Elsevier

Journal of Neuroscience Methods

Volume 260, 15 February 2016, Pages 233-251
Journal of Neuroscience Methods

Computational Neuroscience
Review
Computational models of epileptiform activity

https://doi.org/10.1016/j.jneumeth.2015.03.027Get rights and content

Highlights

  • Neural mass, neural field, detailed network and formal models are reviewed.

  • These models are aimed at reproducing and explaining epileptic activity.

  • Biology-inspired and mathematical models have advantages and limitations.

  • Detailed network models are required to simulate some particular HFOs.

  • Neural mass/field models provided insights in partial and generalized epilepsies.

Abstract

We reviewed computer models that have been developed to reproduce and explain epileptiform activity. Unlike other already-published reviews on computer models of epilepsy, the proposed overview starts from the various types of epileptiform activity encountered during both interictal and ictal periods. Computational models proposed so far in the context of partial and generalized epilepsies are classified according to the following taxonomy: neural mass, neural field, detailed network and formal mathematical models. Insights gained about interictal epileptic spikes and high-frequency oscillations, about fast oscillations at seizure onset, about seizure initiation and propagation, about spike-wave discharges and about status epilepticus are described. This review shows the richness and complementarity of the various modeling approaches as well as the fruitful contribution of the computational neuroscience community in the field of epilepsy research. It shows that models have progressively gained acceptance and are now considered as an efficient way of integrating structural, functional and pathophysiological data about neural systems into “coherent and interpretable views”. The advantages, limitations and future of modeling approaches are discussed. Perspectives in epilepsy research and clinical epileptology indicate that very promising directions are foreseen, like model-guided experiments or model-guided therapeutic strategy, among others.

Introduction

Epileptiform activity refers to brain activity recorded during epileptic phenomena that cover not only the seizure episodes but also the plethora of abnormal transient events occurring outside seizures like, for instance, interictal spikes or high-frequency oscillations in partial epilepsies.
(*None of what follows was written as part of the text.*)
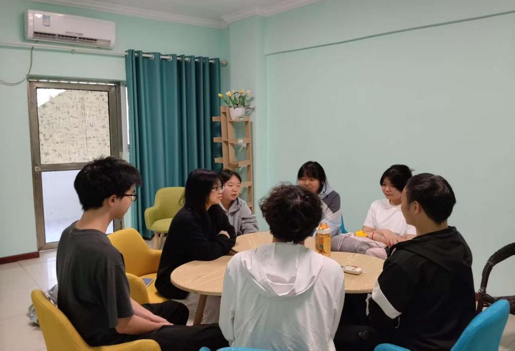 图1: 分享交流环节,同学们围坐畅谈压力来源与情绪感受,在倾听中获得情感共鸣

To date, significant progress has been achieved regarding the numerous techniques aimed at recording brain activity. Epilepsy research has always benefited from these advances. Epileptiform activity can be recorded either globally using EEG/MEG, fMRI or SPECT instruments as well as very locally using intracerebral micro- and macro-electrodes (intracellular, MUAs, LFPs, iEEG) or microscopic imaging. The multiplicity of recording techniques, each characterized by its own time and space resolution, has also led to a need (i) for advanced information processing techniques aimed at extracting/describing the multimodal information conveyed by the observations, on the one side and (ii) for computational models aimed at decoding/explaining the mechanisms underlying their generation, on the other side.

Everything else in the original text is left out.